In one or more exemplary embodiments, in an area other than the light transmission part TA, the cathode electrode may be formed of a plurality of electrode layers. For example, a separate cathode electrode pattern may be disposed for each unit-pixel group, and the cathode electrode patterns may be electrically connected to each other by overlapping or being in contact with each other at the boundary of the unit-pixel groups that are adjacent to each other. Such a structure may be a result of depositing the cathode electrode two or more times.

Second cathode electrode patterns CTP2, which are disposed in each second unit-pixel group UPG2 in the display-only area DPA_D, may each have a rectangular shape. The second cathode electrode patterns CTP2, which are adjacent to each other, may overlap each other at edge portions thereof.
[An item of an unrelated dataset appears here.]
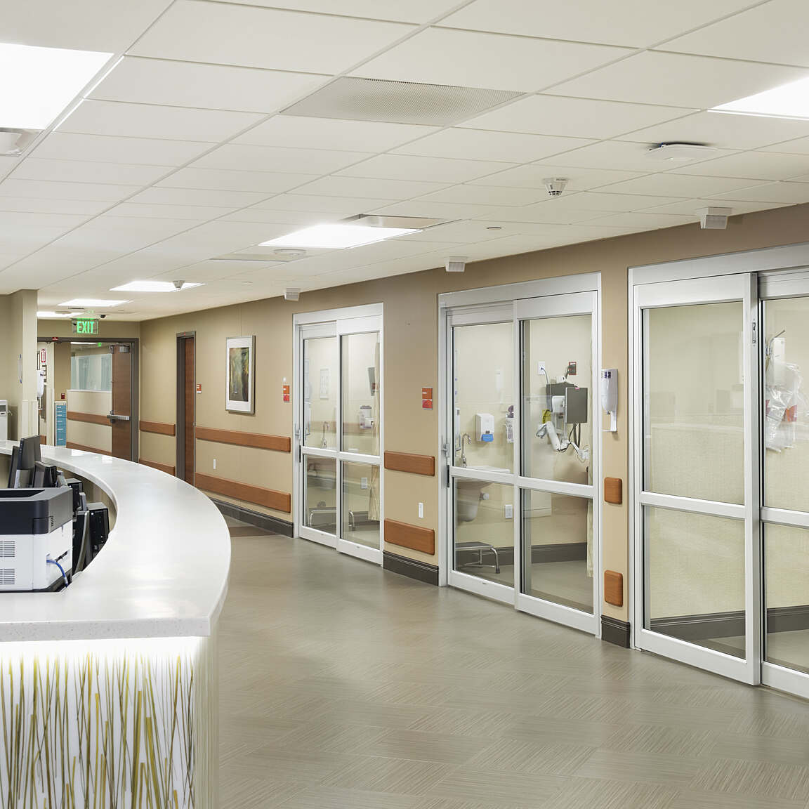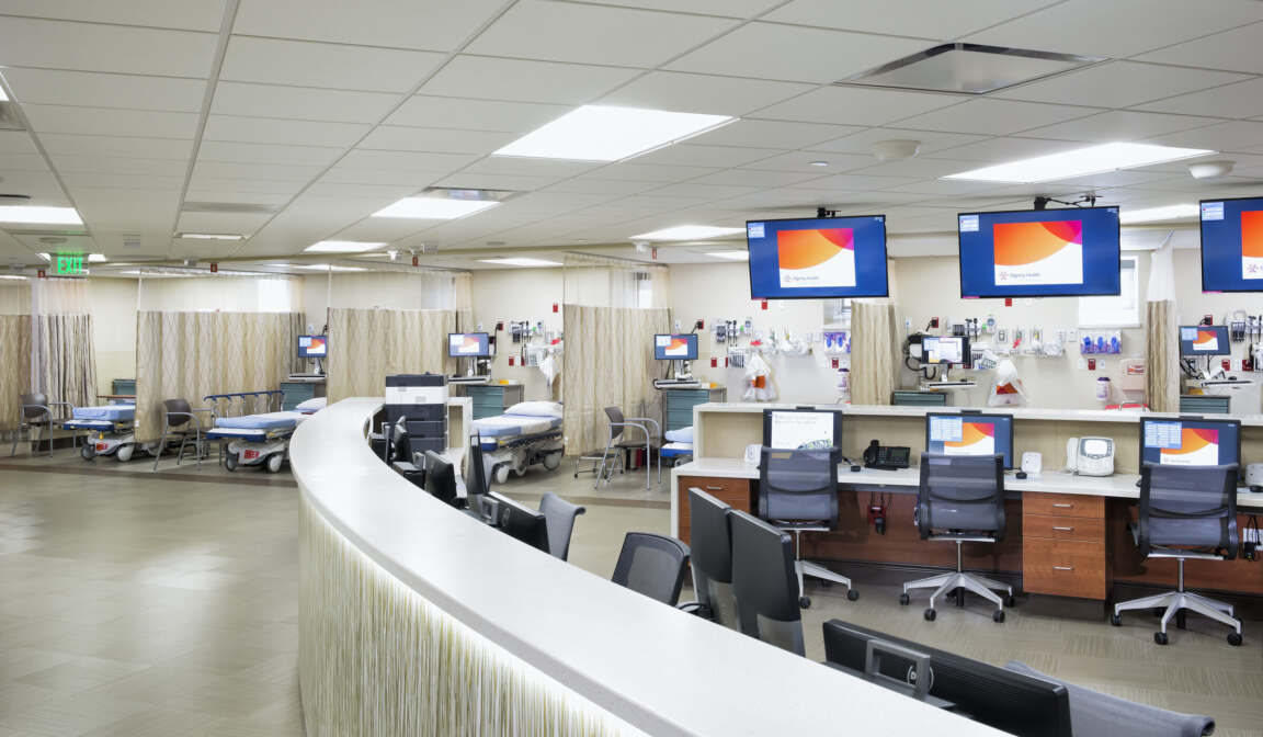 The new 42,000 SF ED is tailored to meet the requirements of Accountable Care and is designed to adapt to seasonal fluctuations. Centralized Nurse stations promote collaboration and efficiency in care delivery, while a Quick Look and Split Flow plan facilitate timely care, admission, or discharge. An Intake area streamlines patient evaluation and discharge processes, reducing treat-to-street times.

Meanwhile, first cathode electrode patterns CTP1, which are disposed in each of the first unit-pixel groups UPG1 in the display light-transmission area DPA_T, may each have an “I” shape that has a narrow central portion and two longer ends in the first direction D1 based on a width in the second direction D2. The two ends of the first cathode electrode pattern CTP1 in the first direction D1 may include protrusions that protrude from the center portion. The width of the center portion of the first cathode electrode pattern CTP1 in the second direction D2 may be smaller than the width of the second cathode electrode pattern CTP2 in the second direction D2, and the widths of the two ends of the first cathode electrode pattern CTP1 in the second direction D2 may be substantially equal to the width of the second cathode electrode pattern CTP2 in the second direction D2, but the present disclosure is not limited thereto. In the display light-transmission area DPA_T, protrusions CTP_PT at two ends of the first cathode electrode pattern CTP1 may overlap the protrusions CTP_PT of another first cathode electrode pattern CTP1 that is diagonally adjacent to the first cathode electrode patterns CTP1.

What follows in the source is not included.